A Quick and Easy Swim Work Out

by Pool Builders on 07-29-2010 in Articles

We've all heard the rumor...swimming is not only fun, but a great workout as well. But is it true? YES! You can have fun and trim fat at the same time! Not only is swimming great for you, but it's much easier on muscles, bones and joints than running or cycling.

So what should you do in your new swim workout? Ideally, your swim workout would be cardiovascular and work in resistance training. Begin your workout with a relaxing 100 or 200 meter swim to get your muscles warmed up.

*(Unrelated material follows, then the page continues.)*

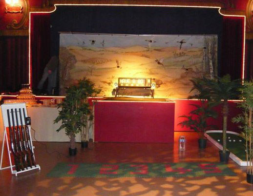 Devant un décor thématique de 6 ou 9 m x 3 m (au choix : western, chasse ou spatial), vous devez viser juste sur des capteurs &eacu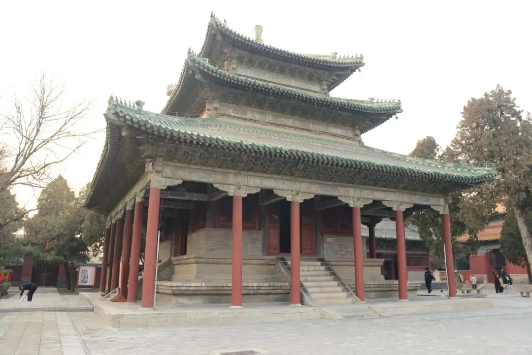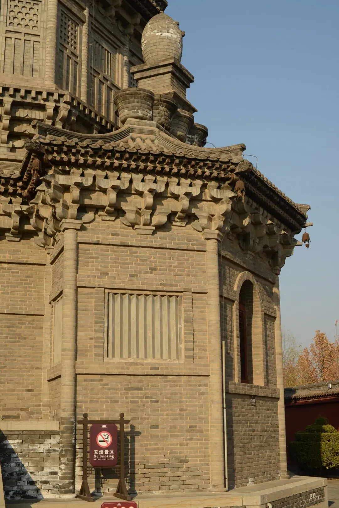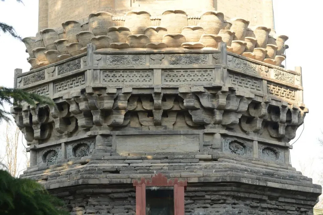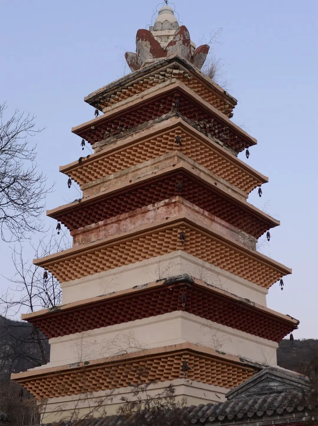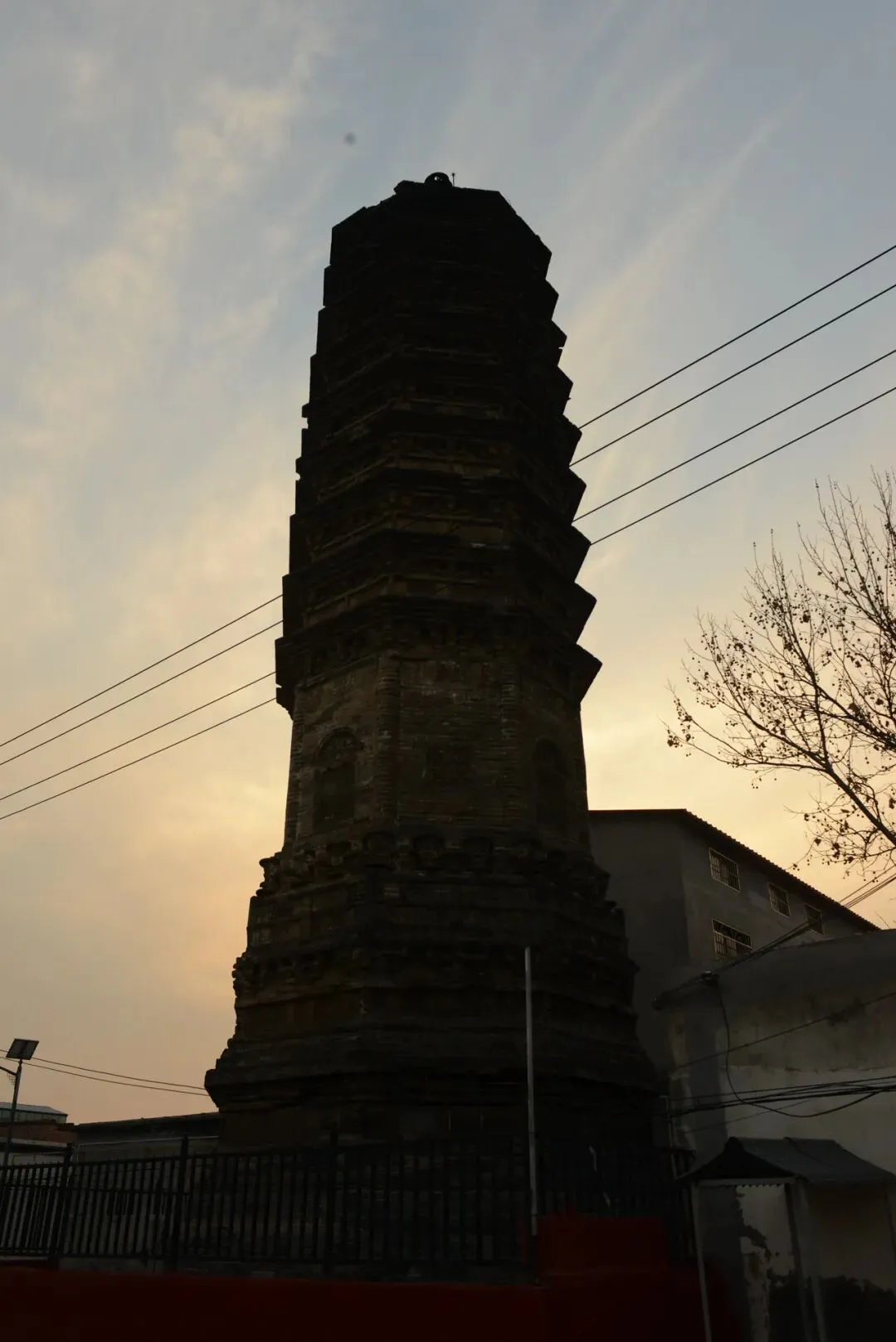 官网介绍的塔:“澄灵塔高30.47米,为八角九级砖仿木构密檐式塔,建在八角形砖砌台基上,台上为石砌基座,再上为砖砌须弥座,束腰正面镶嵌清雍正皇帝谕旨石刻,其余各面均有二壶门花饰。须弥座上是由勾栏、斗拱组成的一围平座,平座上以三层仰莲承托塔身。第一层四正面做砖雕拱形假门,四侧面饰方形假窗,正面圆形假门上端嵌“唐临济慧照澄灵塔”石匾。第二层向上,层高骤减,密檐相接,形成柔和协调的轮廓线。塔顶覆绿琉璃瓦,塔刹由仰莲、宝瓶、相轮、圆光、宝盖、仰月、宝珠等组成。”

Once warmed up, begin your work out. Sprint one length of the pool (two if it is a short pool), then rest for 60 seconds. Repeat nine times. After ten, you should be very tired. Take a few minutes to relax afterwards, and drink some water if you feel thirsty.

If you are just starting and having trouble with sprints, just swim at a fast pace. Different strokes use different muscles, so you are going to want to practice a variety of styles within the workout. The backstroke and freestyle, or front crawl, both work pectorals, shoulders, quadriceps and triceps, but from different angles. You can do either five laps of one then five of the other, or switch back and forth for the ten laps.

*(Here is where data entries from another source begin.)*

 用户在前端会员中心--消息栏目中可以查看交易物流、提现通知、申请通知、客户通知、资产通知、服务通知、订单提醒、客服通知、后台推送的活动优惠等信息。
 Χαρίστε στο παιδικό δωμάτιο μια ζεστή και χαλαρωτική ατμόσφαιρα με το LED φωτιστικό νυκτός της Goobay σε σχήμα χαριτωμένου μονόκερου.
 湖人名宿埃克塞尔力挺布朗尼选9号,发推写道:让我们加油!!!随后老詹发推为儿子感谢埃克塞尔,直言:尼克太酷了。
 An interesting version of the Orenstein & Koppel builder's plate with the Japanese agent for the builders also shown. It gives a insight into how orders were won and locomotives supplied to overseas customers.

The breaststroke and butterfly both work biceps, triceps, pectorals and groin muscles. The butterfly also works abdominals. The next time you do your swim work out, use these two strokes instead of the backstroke and freestyle.

As you find this to be less and less challenging, add laps- eventually getting up to 100 and even 500 meter sprints.

Swimming, because it builds endurance, strength and speed without the wear and tear of running, is a great way to exercise if you have an injury or problems that keep you from running.